Meselâ Mehmet Çakır... Sevdiğim bir kardeşim.
Özgün yetenekleri var. Fizik gücünü artırır ve Şenol hocasını iyi dinlerse, bir türlü gerçekleştiremediği çıkışını yapabilir.
Trabzonspor'un ve her cümlesinde "Ben" vurgusunu kullanan başkanı Sadri Şener'in ikinci ikiz transferi Brozekler'i ise çoğumuz Wisla Krakow'dan değil, Youtube ve Facebook'tan tanıyoruz.
Teknik ekibin yıllarca ve defalarca izlediği Polonyalılar'ın biz de videolarını seyrettik.
Pawel'in kendine özgü golcü meziyetleri var. Bazı yönlerden Fatih Tekke'ye de benziyor.
İyi ve ekonomik bir alternatif gibi gözüküyor; ancak büyük bir çıkışı başarma olasılığı da var. Piotr ise golcü olmadığı için pek videosu da yok. Bir sürpriz yapıp Cale ile Gabriç toplamı kadar performans sergilese meselâ!
Polish değil, Polis bakışlı...
Bildiğiniz gibi, Trabzonspor'un Polonyalı karnesi iyidir. Alınamayan Zurawski'yi saymazsak hata oranı düşüktür. Cyzio çok yararlı, Szymek çok önemli oyunculardı. Glowacki de deneyimli ve iyi oyuncu, lâkin bu yaşta o sakatlıkların altından kalkması zor.

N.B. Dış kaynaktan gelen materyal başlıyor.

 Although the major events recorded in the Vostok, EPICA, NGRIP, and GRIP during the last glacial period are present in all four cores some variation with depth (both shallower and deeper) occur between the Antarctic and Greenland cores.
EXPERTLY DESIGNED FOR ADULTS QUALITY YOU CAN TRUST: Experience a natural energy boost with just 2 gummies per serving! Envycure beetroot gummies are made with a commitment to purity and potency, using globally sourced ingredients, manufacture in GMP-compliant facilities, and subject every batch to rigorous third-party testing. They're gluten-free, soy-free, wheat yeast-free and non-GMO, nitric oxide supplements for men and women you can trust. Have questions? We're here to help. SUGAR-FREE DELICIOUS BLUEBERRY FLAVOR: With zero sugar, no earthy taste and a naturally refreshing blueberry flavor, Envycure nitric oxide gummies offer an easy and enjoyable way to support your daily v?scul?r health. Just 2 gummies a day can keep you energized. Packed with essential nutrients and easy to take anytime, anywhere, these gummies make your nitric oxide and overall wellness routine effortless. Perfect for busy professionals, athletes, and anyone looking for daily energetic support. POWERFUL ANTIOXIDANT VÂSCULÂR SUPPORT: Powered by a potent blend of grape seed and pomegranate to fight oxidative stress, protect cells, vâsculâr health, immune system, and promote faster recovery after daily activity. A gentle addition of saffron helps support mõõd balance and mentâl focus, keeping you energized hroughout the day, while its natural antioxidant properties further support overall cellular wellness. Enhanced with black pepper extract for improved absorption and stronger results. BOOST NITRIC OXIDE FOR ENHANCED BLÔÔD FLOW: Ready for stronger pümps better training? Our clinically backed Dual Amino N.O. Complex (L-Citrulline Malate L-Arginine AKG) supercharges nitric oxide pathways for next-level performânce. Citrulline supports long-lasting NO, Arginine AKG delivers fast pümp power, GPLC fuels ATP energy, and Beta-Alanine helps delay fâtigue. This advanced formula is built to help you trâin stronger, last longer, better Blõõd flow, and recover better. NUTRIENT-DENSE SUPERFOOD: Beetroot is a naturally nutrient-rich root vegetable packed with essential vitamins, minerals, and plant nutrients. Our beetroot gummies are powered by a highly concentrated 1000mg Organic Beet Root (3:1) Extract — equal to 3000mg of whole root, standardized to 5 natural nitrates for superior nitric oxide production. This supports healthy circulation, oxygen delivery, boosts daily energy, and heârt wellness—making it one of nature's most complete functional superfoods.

Polonyalılar, temel futbol eğitimleri iyi, fizik güçleri yeterli ve uyumlu futbolcular oluyor. Ancak ulusal oyuncu kimlikleri, kelime benzerliği kadar "Polish" yani cilalı değil. Ciddi endamlı daha ziyade "Polis" bakışlı adamlar.
Bu arada, Pawel'in milli forma ile yeterince gol atamaması bazılarının umudunu kırıyor. Ancak Polonya takımı da Deyna, Lato, Szarmach veya Boniek'lerin zamanındaki gibi değil.
Her sürpriz dünya üçüncüsü gibiler yani.
Trabzonspor'un sevenleri ve yetkilileri bunlara takılmasın, orta sahaya gereken transferi yapsın yeter.
Neredeyse hiçbir oyuncunun parasını düzenli alamadığı bir ülkede uyumlu bir kadroyu pahalı transferler ile bozmanın âlemi yok. Kendi gerçeğinin doğrusunu yapıyor Trabzonspor…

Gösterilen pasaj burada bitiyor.